25 May 2018 has now come and gone and the new EU General Data Protection Regulation (GDPR) is in full effect. Replacing the Data Protection Directive 95/46/EC, the GDPR is designed to standardise data privacy laws across Europe.
The GDPR comes with rigorous new requirements on obtaining consent for processing personal data, with heavy fines being the consequence for non-compliance. The definition of ‘personal data’ has a broader scope than perhaps initially imagined. It is essentially anything that can be used to directly or indirectly identify a living individual. Qualifying personal data extends from a name, photo, email address or bank details to posts on social networking sites, medical information or a computer IP address.
Controlling and minimising data breaches is a key objective of the GDPR – as highlighted in the new directive that all data breaches that “result in a risk for the rights and freedoms of individuals” must be reported within 72 hours of first having become aware of the breach.
With such specific conditions around the collection, usage and maintenance of personal data, and the management of security breaches, it is important that organisations fully understand what the GDPR is actually asking of them.
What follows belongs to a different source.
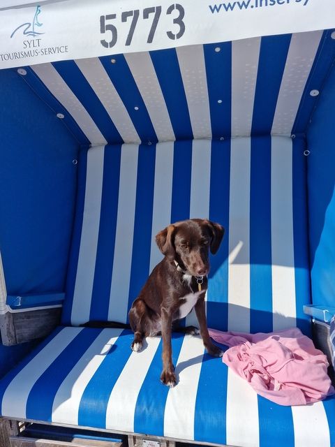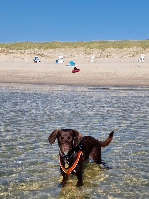 Am Anfang hab ich hier ganz schön gefroren, trotz Pulli. Mittlerweile genieße ich die tollen Strandspaziergänge auch bei Wind und Wetter. Die Nordsee ist mir noch ein bisschen unheimlich, obwohl mein Frauchen so gerne baden geht.

It is only with clear and confident knowledge of the new requirements that data and processes can be reviewed and adjusted to avoid fines and maintain customer and stakeholder confidence.
GDPR compliance is an ongoing process and should utilise a range of governance, risk and assurance capabilities, technical and data protection skills. Whilst we are not providing specific client services around the GDPR, we have undertaken a full review of our own processes and will share our knowledge and resources where we are able.
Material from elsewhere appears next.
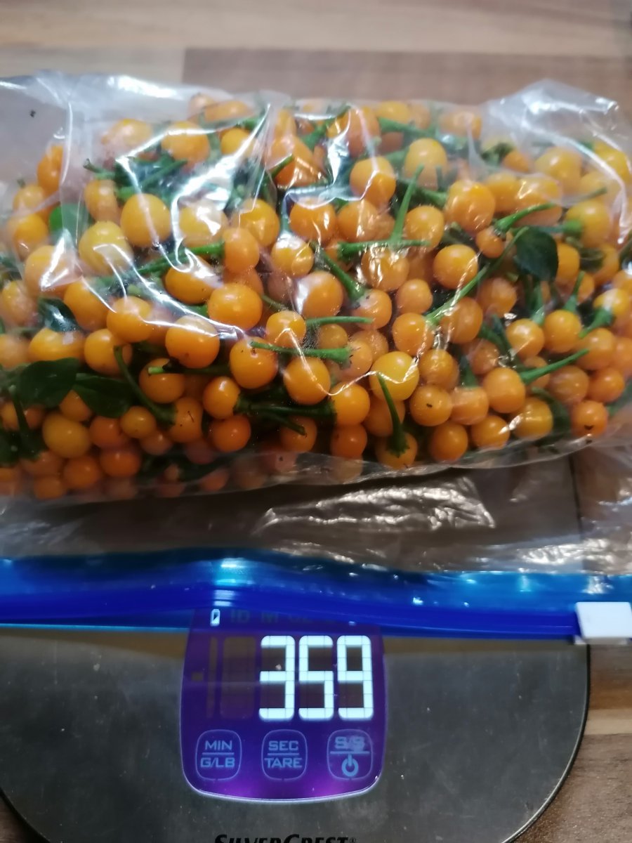 das ist die Ausbeute von 3 Pflanzen und einer Stunde ArbeitGanz schönes Paket, da warst du mit der Ernte bestimmt ein bisschen beschäftigt. Meine Chupetinhaernte ha deutlich länger als bei den anderen Sorten gedauert.

With the right consent, proper procedures and ongoing accountability for personal data, organisations can be confident that they are meeting the new GDPR standards.
Educate senior management and employees on the changes that the GDPR has introduced and how this impacts the way personal data is processed within an organisation.
Assure the right procedures are in place by reviewing personal data held, how it is stored and who has access to it.
Identify the data that is being processed on the basis of consent and ensure there is a right to withdraw – question if this meets the new GDPR standard.
Create risk, policy and procedure environments that ensure a business is able to operate effectively whilst still remaining compliant.
Manage GDPR objectives and continue to update a plan of action that is appropriate and that can be realistically maintained.